Here $P_{Ia,i}$ is the photometric classification probability for the ith supernova to be an SN Ia. This is usually calculated via a photometric classifier such as SuperNNova (Möller&de Boissière Reference Möller and de Boissière2020), or Scone (Qu et al. Reference Qu, Sako, Möller and Doux2021); however, for our analysis, we do not simulate contamination, so $P_{Ia,i}=1$ . $D_{Ia,i}$ encodes the influence of SNe Ia on the likelihood, including corrections for observational biases in the dataset. Details of $D_{Ia,i}$ are presented in Kessler & Scolnic (Reference Kessler and Scolnic2017). The $D_{CC,i}$ component encodes the effects of contaminants; however, since our simulations are contaminant-free, it is unimportant for this analysis.

The end result of the BBC framework is a redshift-binned HD. BBC can also provide an unbinned HD which Brout, Hinton, & Scolnic (Reference Brout, Hinton and Scolnic2021) shows can result in smaller systematic uncertainties but is more computationally expensive. Since our analysis only includes statistical uncertainties, we gain no benefit from using an unbinned HD; therefore, we only use the default, binned HD.

This binned HD is passed to a cosmological fitter to produce the final cosmological contours. In this analysis, we make use of WFit, which measures a $\chi^{2}$ likelihood over a grid within the parameter space. WFit has the advantage of being much faster than other methods, although is only suitable for simple test cases such as the one used in this paper, and not necessarily suitable for final survey cosmological analysis. We allow the parameter space of $\Omega_{M}$ to vary below 0, something which is not usual for cosmological analyses, as our analysis requires WFit to explore large sections of the $\Omega_{M}$ , w parameter space, and we do not wish to artificially truncate the likelihood surface we produce.

2.3. Producing an experiment dataset

Our methodology can be used to validate the contour produced by any cosmological pipeline and is not dependent on the details of the dataset investigated by the cosmological pipeline. As such, we test our methodology on a simple, simulated dataset which mimics the 3-yr DES dataset (Brout et al. 2019b), including the cadence, spectroscopic selection, and observational noise (D’Andrea et al. Reference D’Andrea2018) of this dataset. We assume a flat, cold dark matter (wCDM) cosmology with $H_{0}=70$ km s $^{-1}$ Mpc $^{-1}$ , $\Omega_{M}=0.3$ , and $w=-1.0$ . The DES 3-yr dataset includes a previously released low-z sample from several sources. We simplify the low-z simulation by generating a DES-like sample for $0.0\le{}z\le{}0.08$ with the same statistics as the low-z sample. Additionally, we only simulate SNe Ia and do not consider contamination from core-collapse supernovae so that we can keep our analysis as simple as possible. The true DES dataset includes data from a variety of telescopes, as well as misclassified core-collapse SNe, so if our methodology were to be used to test the DES analysis, and these details will need to be included in all simulations. The redshift distribution of our DES and low-z simulated sample is presented in Fig. 1. An example of a simulated lightcurve is presented in Fig. 2.
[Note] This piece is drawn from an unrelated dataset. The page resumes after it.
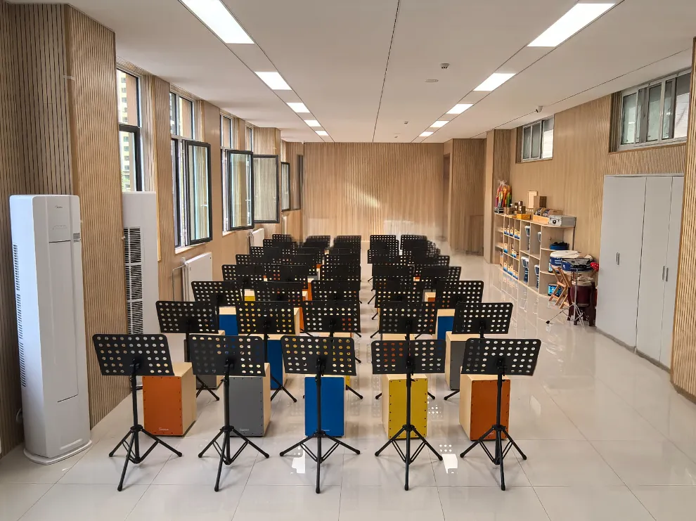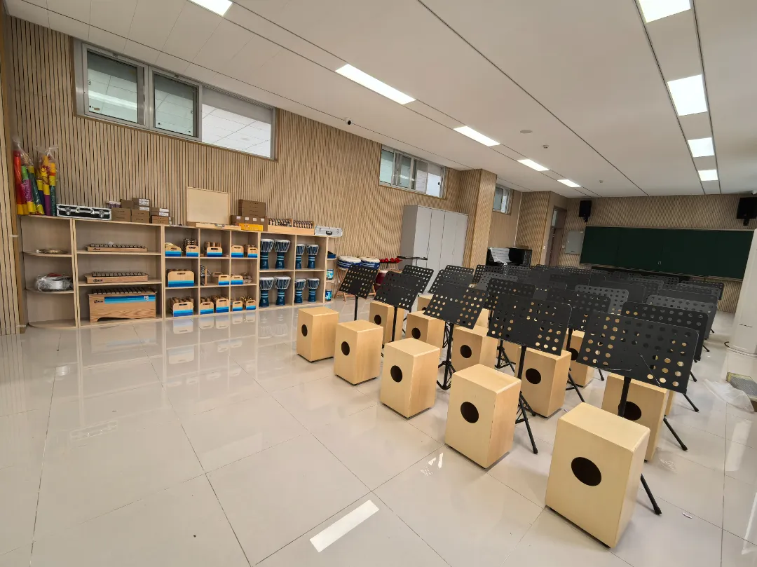 教室滿足中小學(xué)音樂與唱游課程教學(xué)要求,配備多種樂器、教具、課程資源等,能夠滿足學(xué)生聆聽、欣賞、演奏、創(chuàng)作、排練的需求,培養(yǎng)學(xué)生的創(chuàng)造力、自信心、專注性、合作精神、反應(yīng)能力及全面人格發(fā)展,享受音樂帶來的快樂。

Figure 1. The redshift distribution of the simulated DES sample and simulated low-z sample.

Figure 2. An example of a simulated lightcurve in our simulated sample which lies at $z=0.4$ .

We analyse this simulated dataset with Pippin in order to produce the cosmological contour that we aim to validate (shown in Fig. 3), and to calculate the best fitting cosmology:

(3) \begin{align} \begin{split} \Omega_{M}^{best} &= 0.32^{+0.054}_{-0.075} \\[4pt] w^{best} &= -1.00\pm0.16 \end{split}\end{align}

Figure 3. The cosmological contour produced by Pippin for our simulated dataset. The aim of our methodology is to test the consistency of this contour. The central panel shows the 2-D 68% and 95% contours, whilst the top and right panel show the marginalised, 1-D contour for $\Omega_{M}$ and w, respectively. Here, $\Omega_{M}^{best}=0.320^{+0.054}_{-0.075}$ and $w^{best}=-1.00\pm0.16$

3. Methods

Here, we describe our methodology for estimating the confidence region of a cosmological dataset using Neyman construction. To aid the reader, a glossary of terms used throughout is provided in Table 1.
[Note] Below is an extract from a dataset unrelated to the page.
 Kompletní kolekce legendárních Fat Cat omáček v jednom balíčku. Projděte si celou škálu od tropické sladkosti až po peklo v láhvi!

Table 1. A glossary of terms used in our methodology, which are defined throughout the text.

For a given input cosmology, the Neyman construction provides a prescription for using simulations to calculate the percentile contour, or the boundary of a confidence region that input cosmology lies on. By calculating these percentile contours for a grid of input cosmologies, the confidence region can be estimated as the set of input cosmologies which lie on percentile contours less than or equal to the desired confidence level. The extensive compute time of supernova simulations makes it difficult to densely sample the parameter space, so we instead create an approximate Neyman construction by strategically choosing a small number of input cosmologies at representative locations on the 68% contour.

In Section 3.1, we describe how to calculate the percentile contour for a single cosmological input. In Section 3.2, we describe how we find cosmological inputs which lie on the 68% percentile contour and how we estimate the confidence region.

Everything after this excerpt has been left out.